# Best location for visit



## gabehizer (May 27, 2012)

This coming October I am planning on spending a week in the city of Guadalajara, then a week in the Lake Chapala area. My plan is not so much to do sightseeing as to get a "feel" for each area, in advance of a possible retirement location in 3-4 years. 

Based on the above, would you recommend I stay at a location very close to downtown (centro) or would it be ok to stay a bit further out, e.g., Minerva Circle? I ask because I've found a great apartment share by Minerva for little money that looks great, but I wanted to be sure I wouldn't regret the location. 

My thinking is that since I'll also want to wander around Chapalita the slightly west location may be just as well as the downtown one. 

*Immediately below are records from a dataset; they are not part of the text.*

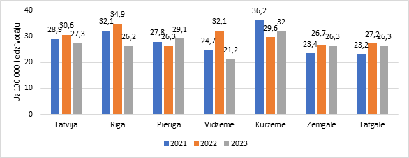 36 Latvijas reģionu veselības profils 2015-2022, SPKC 2023; https://www.spkc.gov.lv/lv/latvijas-regionu-un-pasvaldibu-veselibas-profili
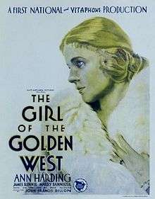 The Girl of the Golden West is a 1930 American Pre-Code drama film produced and distributed by First National Pictures, a subsidiary of Warner Bros., directed by John Francis Dillon and starring Broadway actress Ann Harding and James Rennie. Ann Harding's then-husband, Harry Bannister, plays the villain Jack Rance. David Belasco wrote, directed, and produced the original play in 1905 which starred Blanche Bates.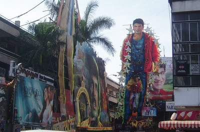 Not only were there no previews at this movie, but the feature started a full 10 minutes before scheduled. The screen and sound were superb and the audience was livelier than anything you'd see back home - they hooted at all the women, cheered for the action scenes, and went freakin' nuts when the two Indian actresses made their brief appearance. An hour through, there was an intermission where helpful slides reminded the audience to always spit into the spitoons provided while watching the film. The instant the credits began to roll, the projector switched off - power is expensive, and no one cares about those anyway.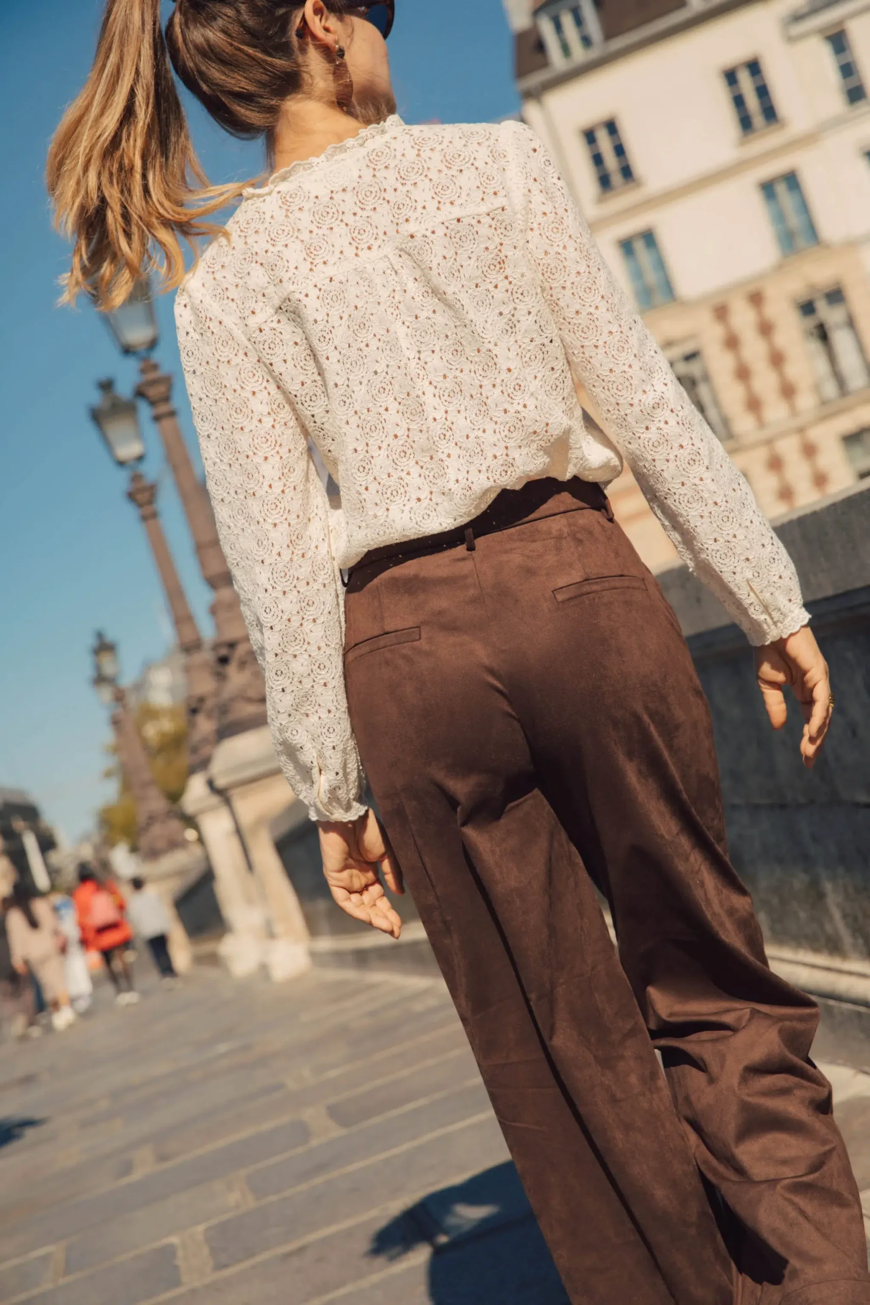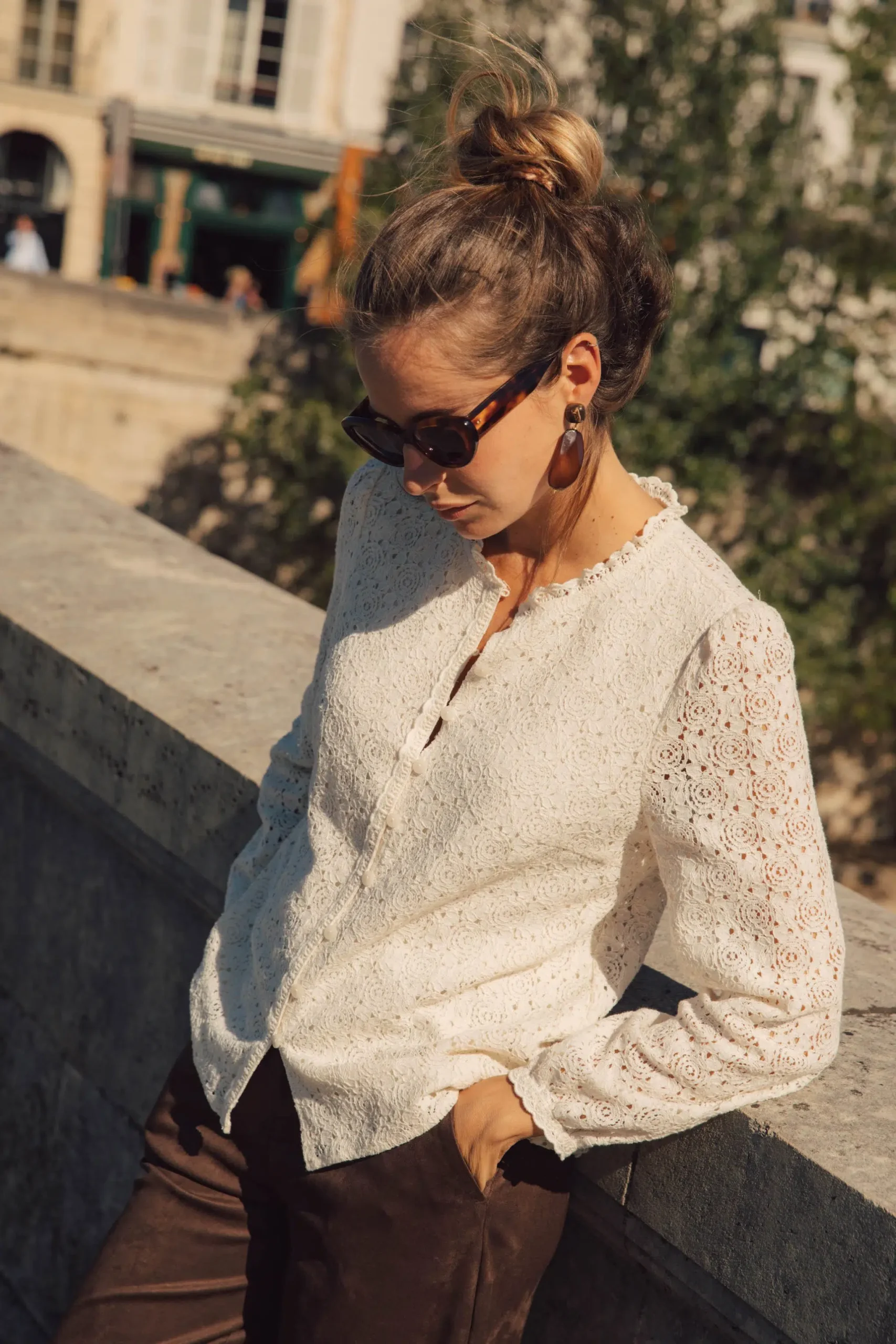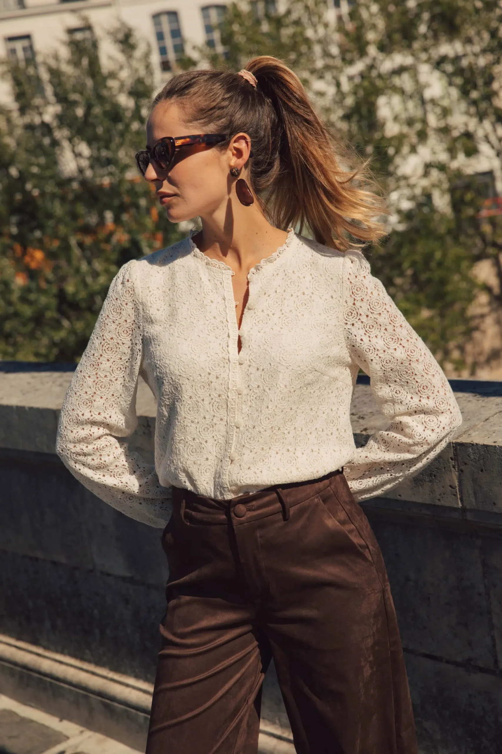 – Blouse en dentelle – Doublée sur l’avant – Manches longues – Fermeture par bouton aux poignets – Fermeture par boutons sur le devant – Couleur : écru

Maybe they are not that far apart and it makes little difference? Let me know...

Thanks!


----------



## RPBHaas (Dec 21, 2011)

gabehizer said:


> This coming October I am planning on spending a
> Based on the above, would you recommend I stay at a location very close to downtown (centro) or would it be ok to stay a bit further out, e.g., Minerva Circle? I ask because I've found a great apartment share by Minerva for little money that looks great, but I wanted to be sure I wouldn't regret the location.
> 
> My thinking is that since I'll also want to wander around Chapalita the slightly west location may be just as well as the downtown one.
> ...


I was visiting the Minerva/ Chapultapec area on Friday. It's a great area. I don't care for the traffic in el centro. Depending on the time of the day, many parts of GDL have heavy traffic. It seems to me that el centro and the Lopez Mateos areas are the most congested, most frequently. There is not a substantial difference of access to Chapala from Minerva or el centro.


----------